[Items listed in a dataset]
☆ ☆ ☆ ☆ ☆

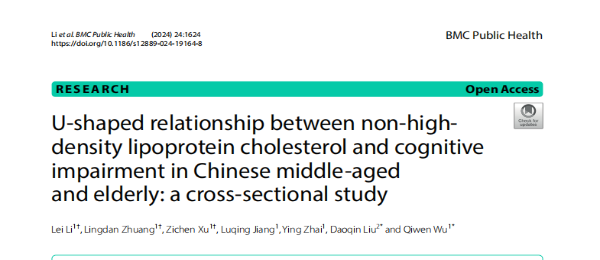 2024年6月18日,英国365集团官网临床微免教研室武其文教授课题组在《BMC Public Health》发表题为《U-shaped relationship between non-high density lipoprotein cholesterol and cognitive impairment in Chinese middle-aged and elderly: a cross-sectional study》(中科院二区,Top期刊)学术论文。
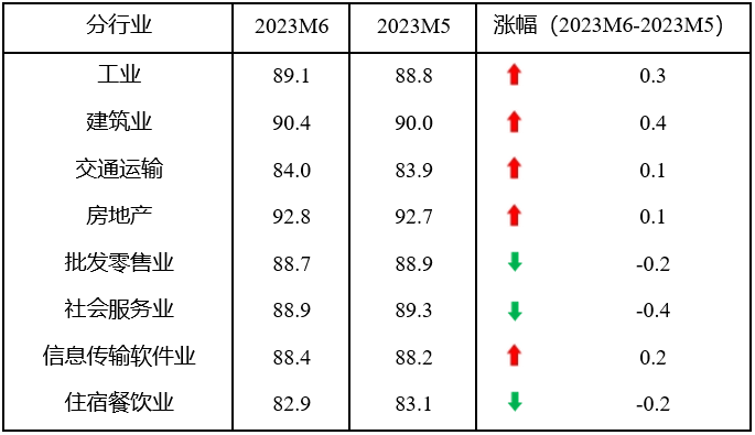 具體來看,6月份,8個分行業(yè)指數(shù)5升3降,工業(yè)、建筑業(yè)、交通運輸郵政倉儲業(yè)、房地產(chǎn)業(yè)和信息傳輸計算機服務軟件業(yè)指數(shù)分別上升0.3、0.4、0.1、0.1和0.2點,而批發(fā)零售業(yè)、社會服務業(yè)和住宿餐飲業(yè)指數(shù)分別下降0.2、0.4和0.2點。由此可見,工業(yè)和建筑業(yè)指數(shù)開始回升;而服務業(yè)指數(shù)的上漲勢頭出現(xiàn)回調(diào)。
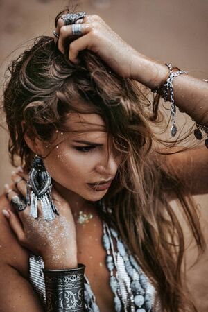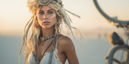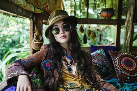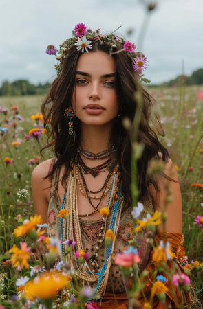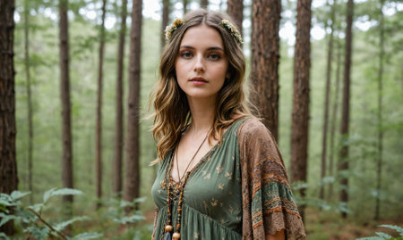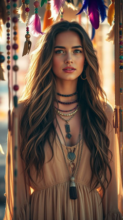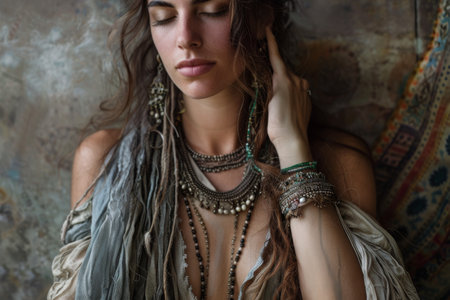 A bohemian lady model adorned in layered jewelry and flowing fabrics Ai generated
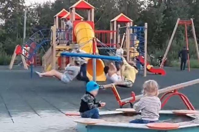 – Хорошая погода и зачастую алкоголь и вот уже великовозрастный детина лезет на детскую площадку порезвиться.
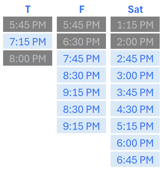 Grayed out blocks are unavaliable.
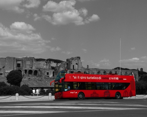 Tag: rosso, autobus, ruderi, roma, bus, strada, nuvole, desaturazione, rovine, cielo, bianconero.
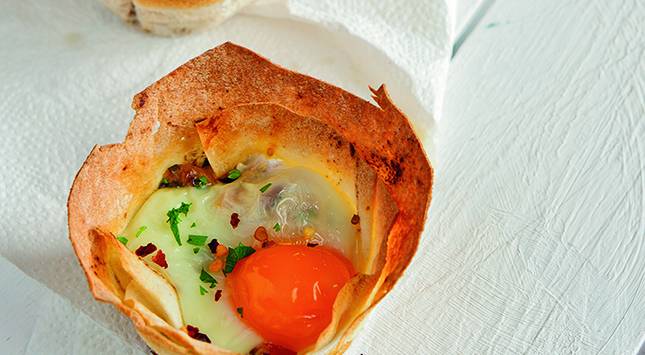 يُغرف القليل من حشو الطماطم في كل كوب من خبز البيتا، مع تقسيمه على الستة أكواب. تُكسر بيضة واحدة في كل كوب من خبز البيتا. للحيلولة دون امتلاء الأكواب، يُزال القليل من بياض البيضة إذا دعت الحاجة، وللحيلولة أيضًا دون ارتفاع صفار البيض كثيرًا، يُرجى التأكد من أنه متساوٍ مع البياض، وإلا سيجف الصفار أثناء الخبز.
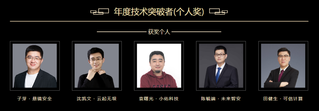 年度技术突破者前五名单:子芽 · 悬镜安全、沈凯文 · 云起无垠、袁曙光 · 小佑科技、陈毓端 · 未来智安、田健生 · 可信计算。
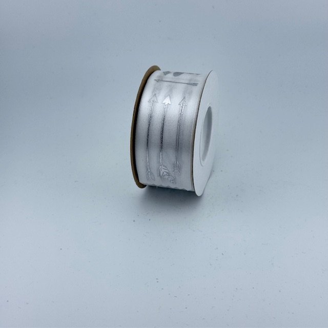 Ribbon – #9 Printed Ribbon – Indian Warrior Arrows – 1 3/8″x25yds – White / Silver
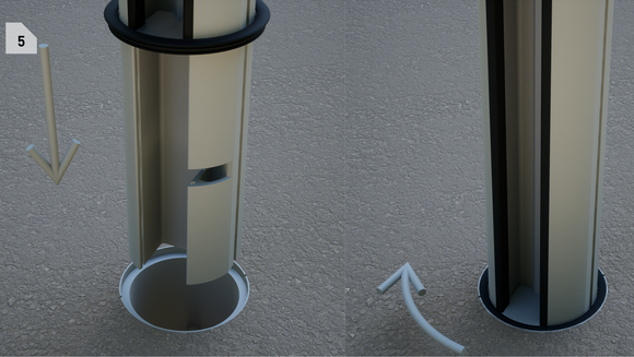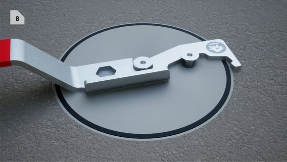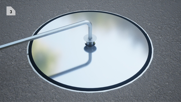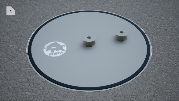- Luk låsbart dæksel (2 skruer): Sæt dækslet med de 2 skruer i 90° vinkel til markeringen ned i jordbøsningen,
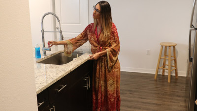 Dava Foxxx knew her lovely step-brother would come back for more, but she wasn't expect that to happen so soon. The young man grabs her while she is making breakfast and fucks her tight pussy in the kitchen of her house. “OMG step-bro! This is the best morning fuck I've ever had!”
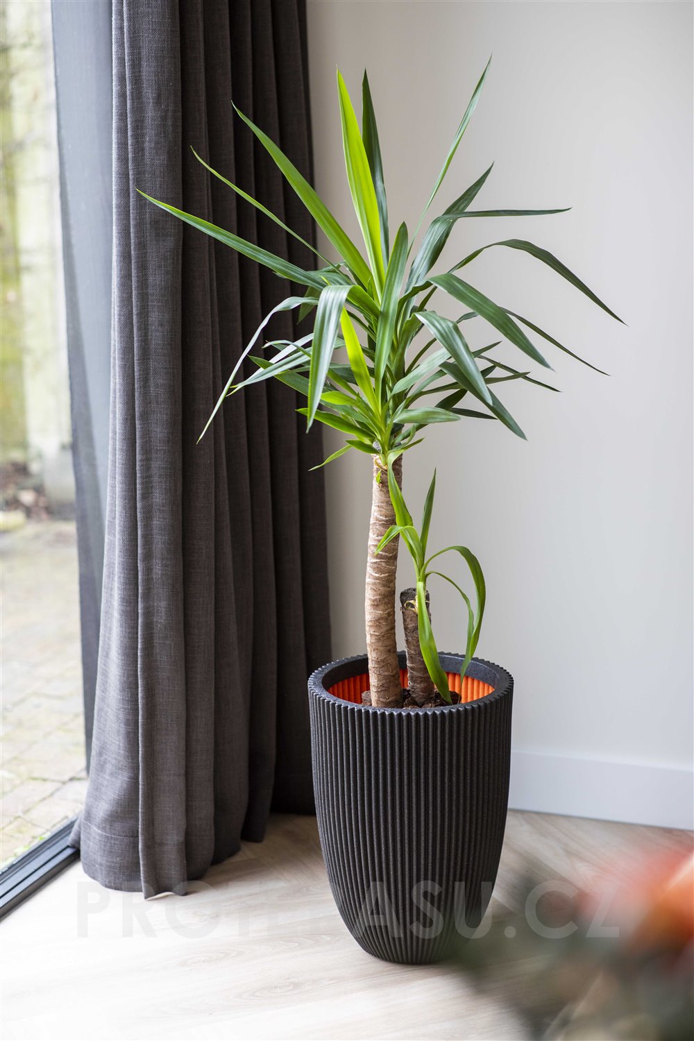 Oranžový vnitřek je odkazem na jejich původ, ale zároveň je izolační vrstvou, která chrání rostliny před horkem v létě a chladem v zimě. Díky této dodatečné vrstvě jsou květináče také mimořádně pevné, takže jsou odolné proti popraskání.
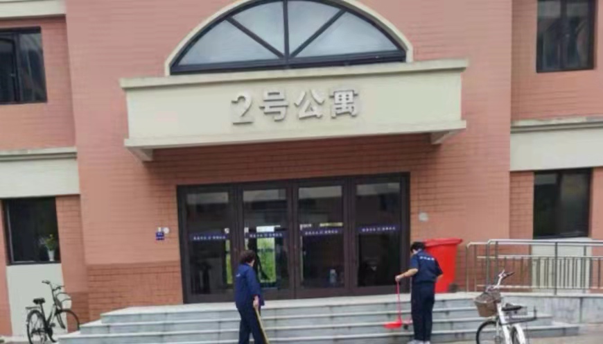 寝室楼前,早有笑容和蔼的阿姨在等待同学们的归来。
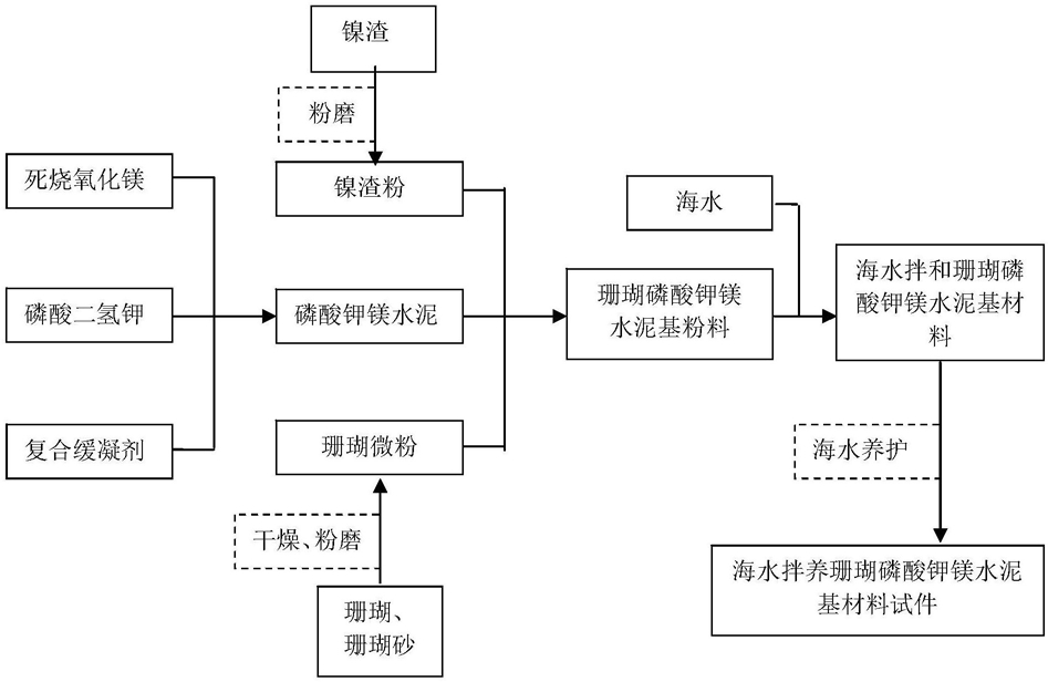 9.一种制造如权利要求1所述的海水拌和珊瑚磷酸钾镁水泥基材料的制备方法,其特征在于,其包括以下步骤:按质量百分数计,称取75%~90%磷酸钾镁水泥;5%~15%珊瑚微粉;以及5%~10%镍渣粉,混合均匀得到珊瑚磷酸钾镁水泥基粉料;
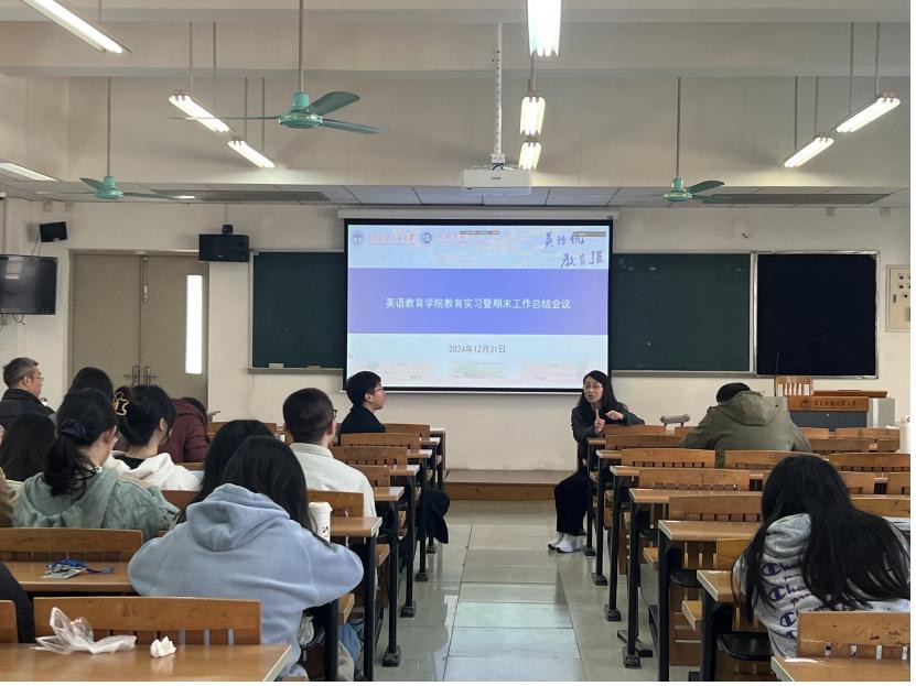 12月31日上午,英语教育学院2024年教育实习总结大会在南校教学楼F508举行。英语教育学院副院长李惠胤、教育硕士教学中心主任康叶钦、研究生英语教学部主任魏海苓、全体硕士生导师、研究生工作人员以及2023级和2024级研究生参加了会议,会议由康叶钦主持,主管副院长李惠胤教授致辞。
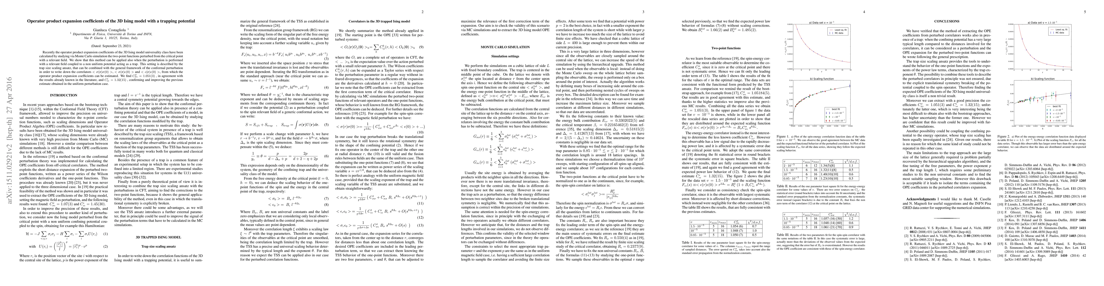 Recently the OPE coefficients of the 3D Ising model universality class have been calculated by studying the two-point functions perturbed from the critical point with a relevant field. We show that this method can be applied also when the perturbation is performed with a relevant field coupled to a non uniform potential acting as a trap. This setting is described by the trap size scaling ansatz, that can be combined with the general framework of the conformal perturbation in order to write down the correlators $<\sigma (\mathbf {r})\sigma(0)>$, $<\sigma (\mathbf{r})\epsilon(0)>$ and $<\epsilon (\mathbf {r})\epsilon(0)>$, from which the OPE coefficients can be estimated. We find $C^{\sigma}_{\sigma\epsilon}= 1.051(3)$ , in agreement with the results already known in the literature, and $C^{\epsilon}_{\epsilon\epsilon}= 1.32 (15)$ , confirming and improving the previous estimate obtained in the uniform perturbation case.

☆ ☆ ☆ ☆ ☆

With the pictures left out, write out exactly the lines above from the one containing "Grayed out blocks are unavaliable." through the one containing "rovine, cielo, bianconero.".

 Grayed out blocks are unavaliable.
 Tag: rosso, autobus, ruderi, roma, bus, strada, nuvole, desaturazione, rovine, cielo, bianconero.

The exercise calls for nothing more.